Data segment:

== == ==

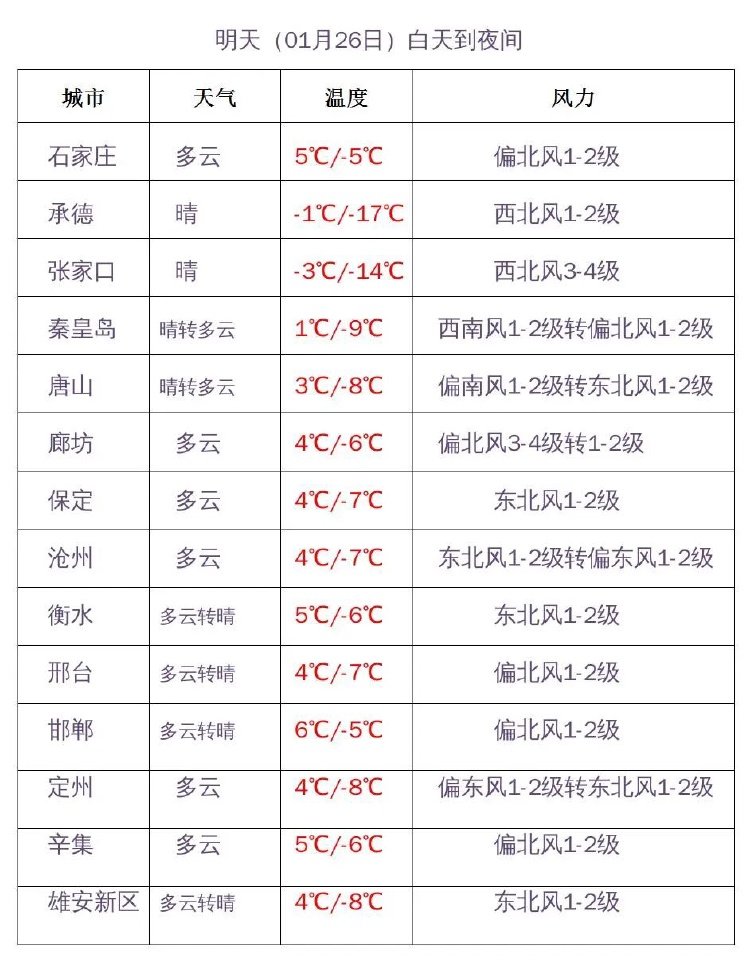 明天夜间到27日,保定、廊坊及以南地区多云转晴,其他地区晴间多云。
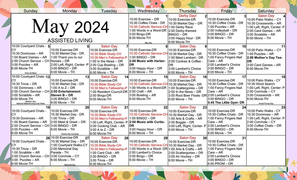 April 2022 Calendar Activities: Assisted Living Traditions at North
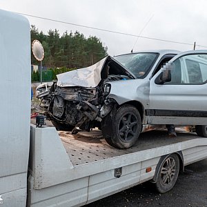 Wczesnym rankiem doszło do zderzenia czołowego dwóch pojazdów – ciężarowego, w którym znajdował się jedynie kierowca i osobowego. Nim podróżowały dwie osoby. Kierowca tego auta został zabrany do szpitala.
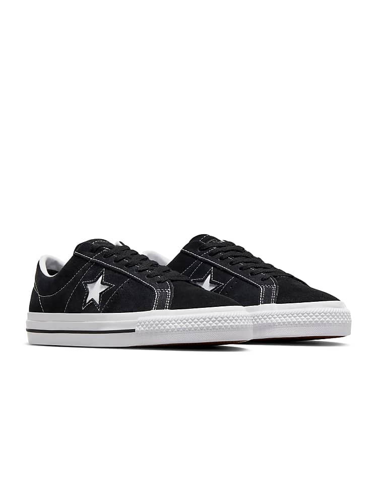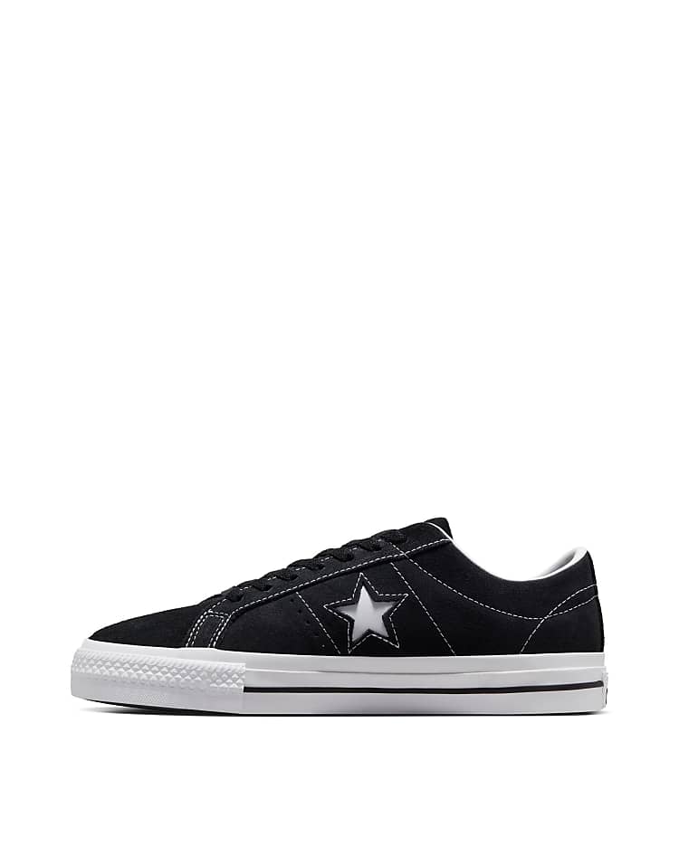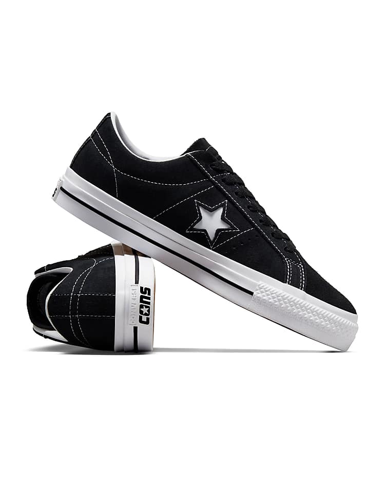 Конверс One Star кроссовки повседневные черного цвета из натуральной кожи с перфорацией для вентиляции.

== == ==

What is expected:
Everything in the listing above except the pictures should be duplicated exactly.

Exercise answer:
 明天夜间到27日,保定、廊坊及以南地区多云转晴,其他地区晴间多云。
 April 2022 Calendar Activities: Assisted Living Traditions at North
 Wczesnym rankiem doszło do zderzenia czołowego dwóch pojazdów – ciężarowego, w którym znajdował się jedynie kierowca i osobowego. Nim podróżowały dwie osoby. Kierowca tego auta został zabrany do szpitala.
 Конверс One Star кроссовки повседневные черного цвета из натуральной кожи с перфорацией для вентиляции.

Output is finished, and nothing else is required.